The allowance cannot be seen as a religious accommodation where the imposition of a general tax, which is what would occur in the absence of the exmt pion, does not burden free exercise.  Jimmy Swaggart Ministries v. Bd. of Equalization of California, 493 U.S. 378 (1990); Walz v. Commissioner, 397 U.S. 664 (1971).

The federal district court in Wisconsin declined to consider entanglement, finding it unnecessary because the court had found no secular purpose in the statute.  The legislative history indicated a Congressional desire to provide aid to ministries. Divorcing the allowance from any requirement of employer convenience created a religious preference.  This is true, the court observed, notwithstanding any argument that the provision was meant to balance the scales where poorer churches were not able to purchase parsonages.

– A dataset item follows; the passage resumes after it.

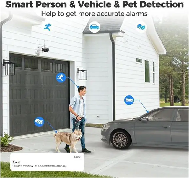 AI Intelligent Recognition + Three-mode Night Vision : Built-in algorithm automatically distinguishes between people, pets and vehicles to reduce false alarms; 8 fill lights + infrared LED support full-color night vision, infrared night vision and intelligent switching. It can present color images even in a completely dark environment, with 20-meter night vision coverage and no blind spots.

While entanglement was not decided previously, there the court observed that the government does get involved in making determinations about religions in analyzing the availability of tax exemptions.  In the current opinion, the court dismissed the notion that entanglement would ensue were ministries required to adhere to the “convenience of the employer” standard, because any regulatory compliance would be neither greater nor lesser than that afforded secular taxpayers.  

Alleviating hardship to underpaid ministers does not justify the creation of a tax exemptions, where others are similarly situated without any exemption and where the housing allowance exemption is available no matter whether a minister is rich or poor.  

Although tax exemptions for religious groups are permissible if they alleviate substantial government interference with religious entities’ missions, this standard cannot be met by requiring ministers to pay generally applicable taxes just as others do.  

Neither can “historic” justification suffice to save the current exemption, the court found, as there is a marked difference between practices observed by the framers of the constitution and the proponents of the Internal Revenue Code of 1954.  

The court noted the government’s argument that its decision would have widespread impact, and stated that the court would confine itself to the case at hand.  

The court declared 26 U.S.C. Section 107(2) unconstitutional as a violation of the Establishment Clause, invited briefing on the issue of remedies, and stayed all remedies pending entry of judgment.